Knocknoc integrates with Proxmox VE to dynamically control network access using the built-in Proxmox firewall.

The Knocknoc agent maintains a Proxmox firewall ipset. As users authenticate and grants expire, the agent adds and removes IP entries in the ipset over the Proxmox REST API. Existing firewall rules reference the ipset by name, so access is granted in seconds and no rules are rewritten.

An ipset can live at one of two scopes. A cluster (datacentre) ipset is defined once at the datacentre level and can back firewall rules on many VMs at once. A per-VM ipset belongs to a single VM and only affects that VM's firewall. Choose the scope that matches where your firewall rule lives.


Requirements

  • Proxmox VE 7.0 or newer with the firewall feature enabled at the level you intend to protect (datacentre or VM)
  • An ipset already created at that scope, referenced by at least one firewall rule
  • A Proxmox API token with privileges to read and modify the firewall ipset
  • Network reachability from the Knocknoc agent host to the Proxmox API (default port 8006)

Setup

Step 1: Create the API token

  1. Log into the Proxmox web interface as an administrator
  2. Open Datacenter > Permissions > Users and add a user such as knocknoc@pve (the pve realm is the built-in Proxmox authentication realm)
  3. Open Datacenter > Permissions > API Tokens and click Add:
    • User: the account you just created
    • Token ID: e.g. agent. The full token identifier becomes knocknoc@pve!agent
    • Privilege Separation: see the note in Step 2 before deciding. Leaving it ticked is the Proxmox default
  4. Click Add. Proxmox shows the secret value once. Copy it now, you'll paste it into Knocknoc

Step 2: Grant the token firewall privileges

Knocknoc authenticates as the token, so the token itself needs the privileges. First create a role with the privileges for your scope, under Datacenter > Permissions > Roles (or reuse the built-in PVEFirewallAdmin role, or any role that includes the privileges below).

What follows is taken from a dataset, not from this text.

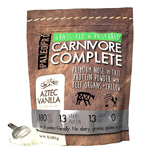 In the land of epic protein powders, there is a new and powerful player! Animals in the diet are an essential part of human dietary health, and our commitment to this principle has never been stronger. Our new nose to tail protein powder ventures where few have dared with the addition of premium quality grass-fed beef organs & tallow all in the convenience of a delicious shake. Paleo Pro Carnivore Complete Premium Nose to Tail Protein Powder provides 13g of protein per serving and contains no dairy, grains, glutens, soy or sugar. Free of added hormones, antibiotics, pesticides and preservatives, this Keto & paleo friendly protein powder features a delicious Aztec Vanilla flavor. This is not your father's protein powder...but we guarantee a distant ancestor is smiling.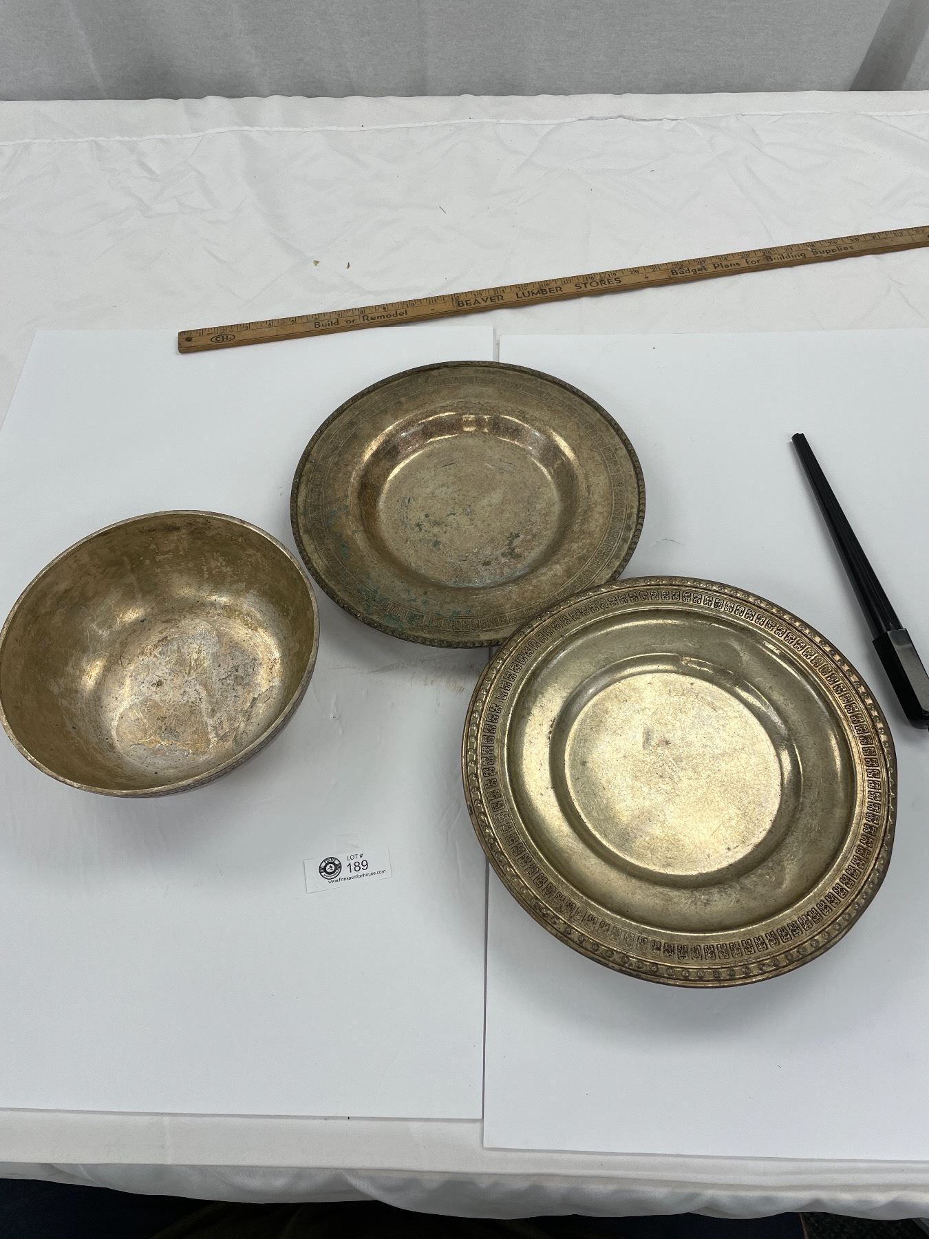 Nice Lot of 3 Vintage Brass Plates and Bowl

For a cluster ipset, the role needs these privileges, assigned at path /:

  • Sys.Audit to read the cluster firewall
  • Sys.Modify to change the ipset entries

For a per-VM ipset, assign on the VM (path /vms/<vmid>):

  • VM.Audit to read the VM and its firewall
  • VM.Config.Network to change the ipset entries

Now assign the role. Permissions are added from the Datacenter > Permissions panel itself, not the Users or API Tokens tabs and not the user-edit dialog. Click Add at the top of the Permissions panel, then choose the permission type. The dialog has Path, the user or token, Role, and a Propagate checkbox. Leave Propagate ticked so the privilege applies to the firewall sub-paths. Propagate only appears in this Add Permission dialog.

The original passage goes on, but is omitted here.